CarMax's sales gains slipped into negative territory for the third time out of the retailer's last four quarterly outings, with comparable-store sales falling 1.2%. That recent track record is weak enough that it could call into question the company's broader growth targets.
Management said an unusual regional sales spike in the prior-year period, tied to disruptions from hurricanes that struck the southeastern U.S., hurt results this time around. After accounting for that event, comps would have risen 2.3% in the third quarter, or at roughly the same pace as in the prior quarter.
Executives said the results were also held back by continued pricing challenges that are making some used cars less attractive when stacked up against new vehicles. CarMax's percentage of sales tied to vehicles between zero and four years old fell to 77%, management said, from 81% a year ago. This shift contributed to falling customer traffic across its store base, which was only partially offset by an improved conversion rate.
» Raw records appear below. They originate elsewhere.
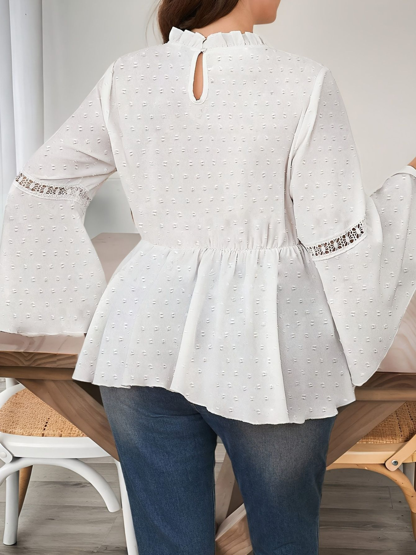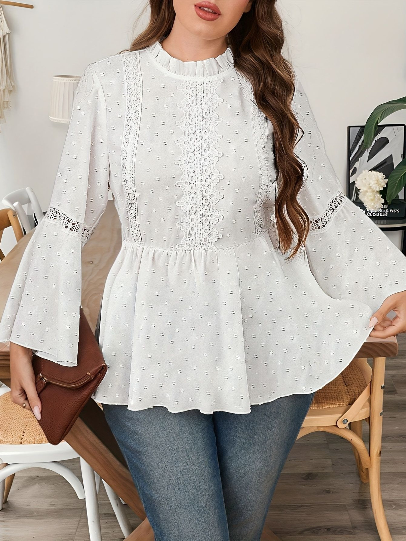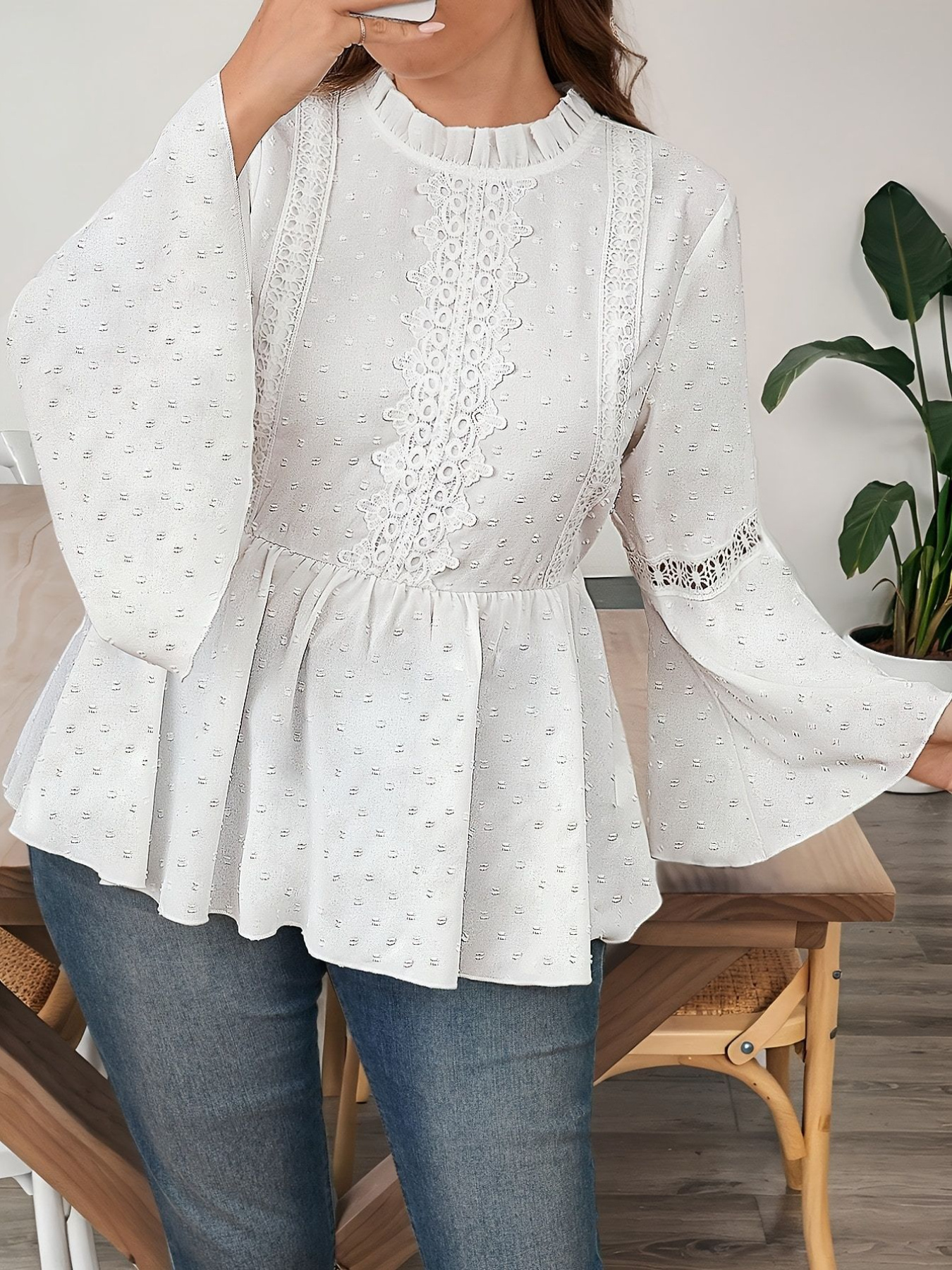 Plus Size - Women'S Elegant Solid Color Lace Trim Ruffle Sleeve Blouse - Plus Size Long Sleeve Round Neck Casual to Semi-Formal Shirt, Breathable Non-Stretch Fabric with Flared Bell Sleeves, Spring/Autumn Versatile Top for Everyday & Special Occasions, Easy-Care Durable Design, Spring Fashion, Autumn Outfit, Delicate Detailing, Lightweight Material, Stylish Shirt, Fashion Lovers, Office Wearers, Beautiful Blouse For Plus Size Women, Plus Size Women Clothes, Blouse Women
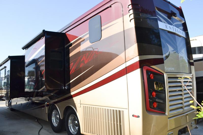 This Entegra Coach Aspire 44B class A diesel motor home offers quad slides, a rear master bath and half bath, a desk, plus much much more!
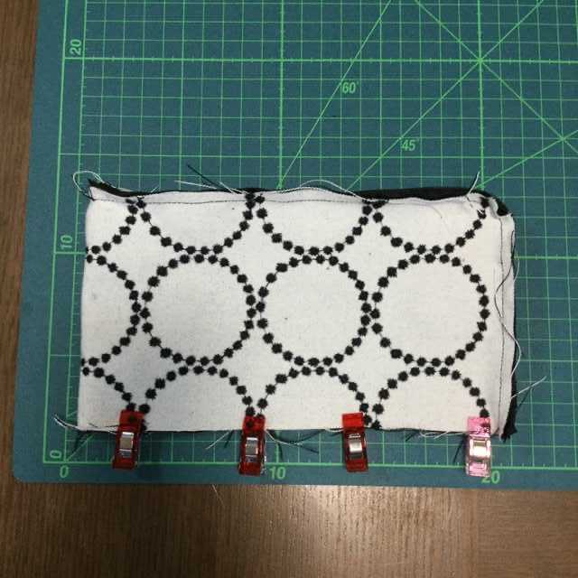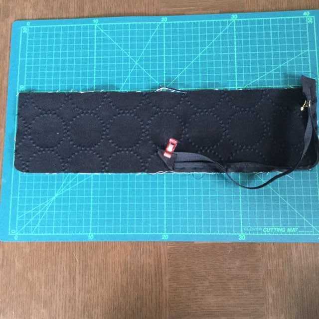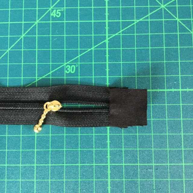 ファスナー幅にカットしたシーチング生地ブラックを、3cmを2枚

Customers are looking for an experience that gives them more control and independence in buying and selling a car. However, they also want advice and guidance at any point in the journey. That is why we've developed the omnichannel experience that delivers upon this unmet customer need.
CarMax has been active in developing its e-commerce selling infrastructure, having just opened a fully online selling process in Atlanta, its oldest market. While cautioning that it's too early to make sweeping judgments, management said they're happy with the feedback they're getting from customers. Their confidence in this maturing into a significant growth avenue is bolstered by the fact that CarMax's website traffic is still rising at a double-digit pace even though shopper visits to its lots are trending lower. Nash and his team believe the company, because of its national store footprint, is uniquely positioned to deliver a full spectrum of shopping options to customers, including a mix of in-store interactions and online processing.
Costs are rising
In terms of cost implications, we will continue to invest but still expect to leverage SG&A at the upper end of a mid-single-digit comp range. While there are incremental costs and inefficiencies in the near-term, we've also identified potential cost savings through process changes and other improvements that can help offset these expenses over time.
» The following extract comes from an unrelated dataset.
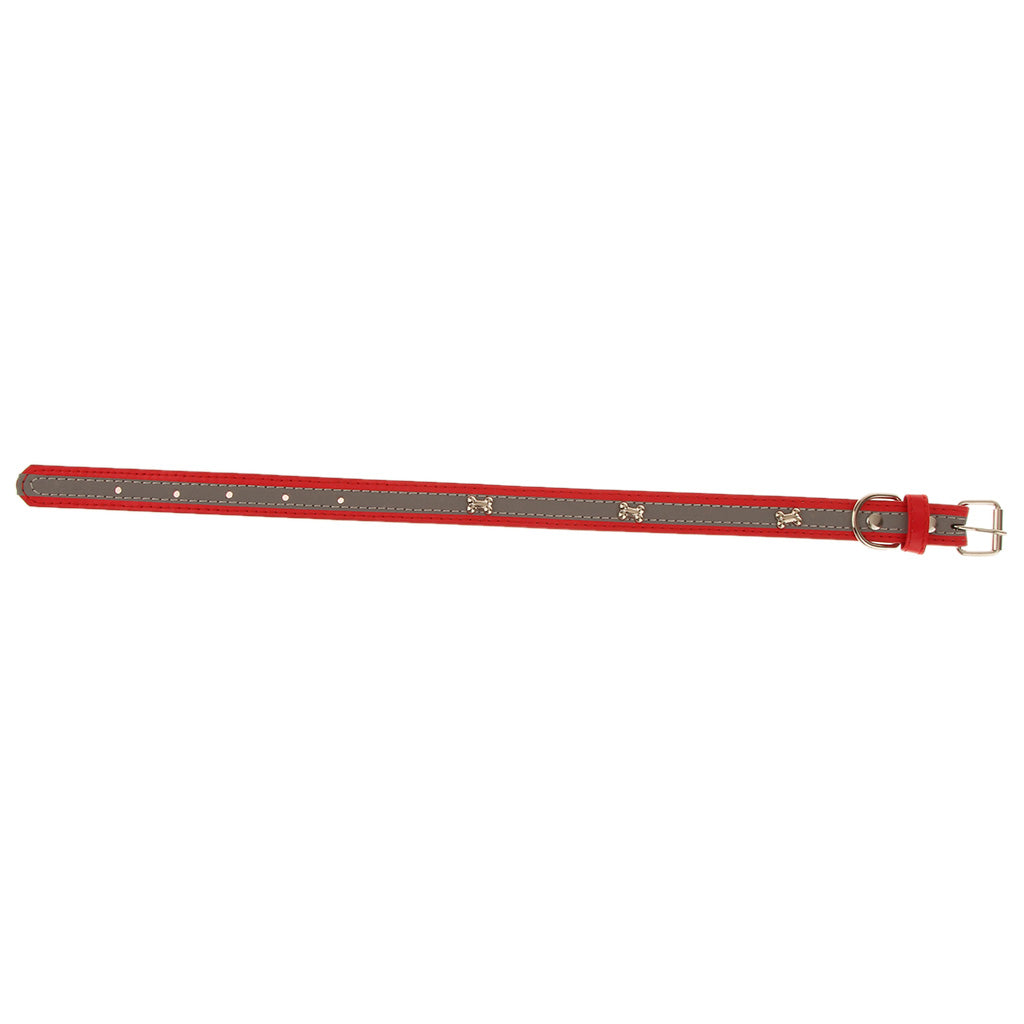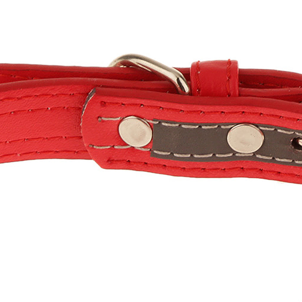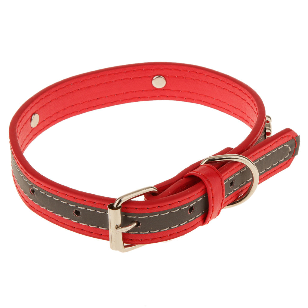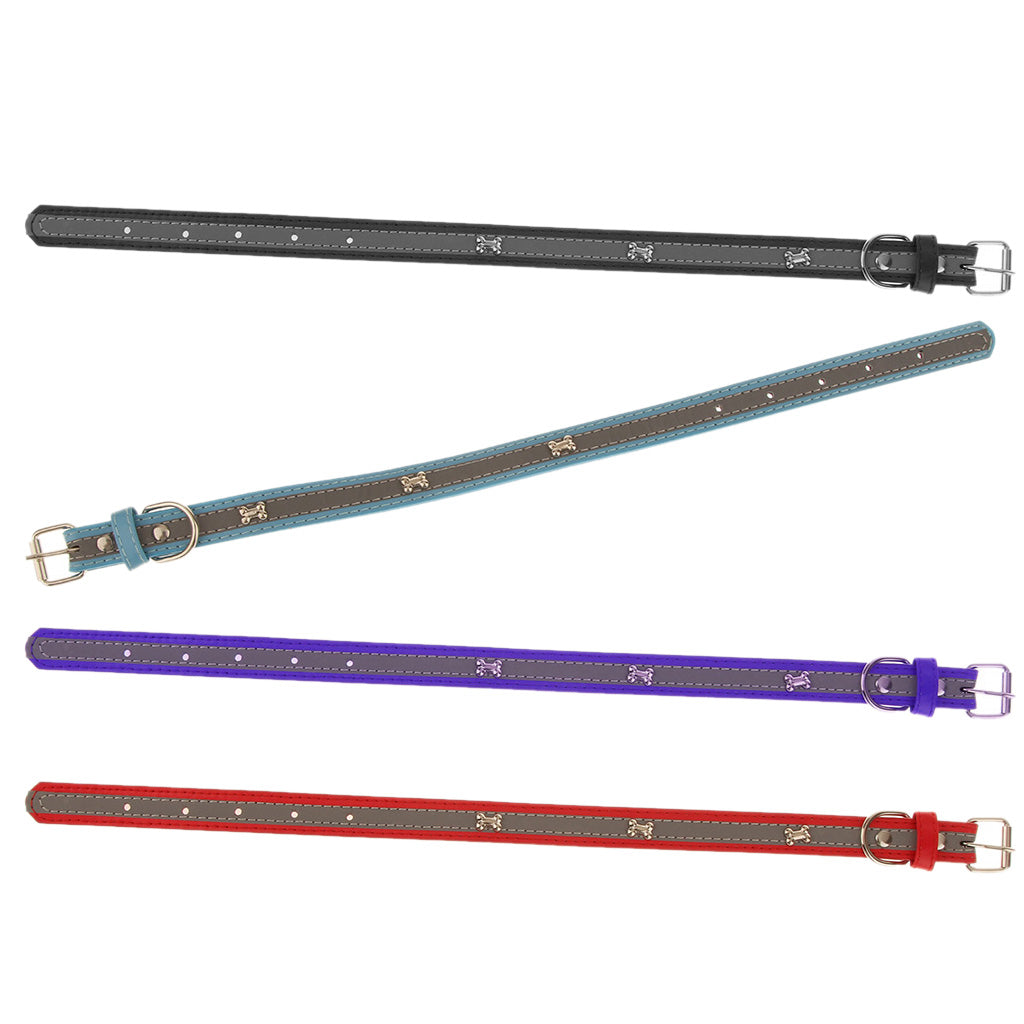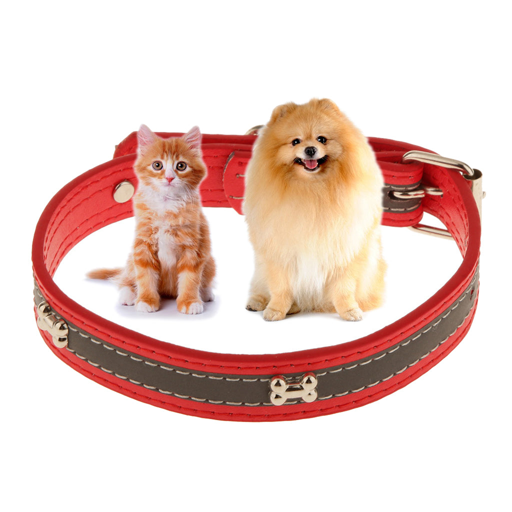 Adjustable Puppy PU Leather Bone Reflective Safety Buckle Dog Collar-Red

CarMax implied that the new e-commerce capabilities, which the company hopes to roll out to its national base by early 2020, will require elevated spending and pressure profits in the short term. It's also unclear at this point whether that sales channel will ultimately deliver profitability that's on par with what the retailer achieves through its physical sales.
But the good news is that online shopping is making car buying a simpler experience, which syncs up well with CarMax's overall value proposition. Thus, it's an ideal avenue for the chain to use to increase its market share and return to a steadier sales growth pace in the coming quarters.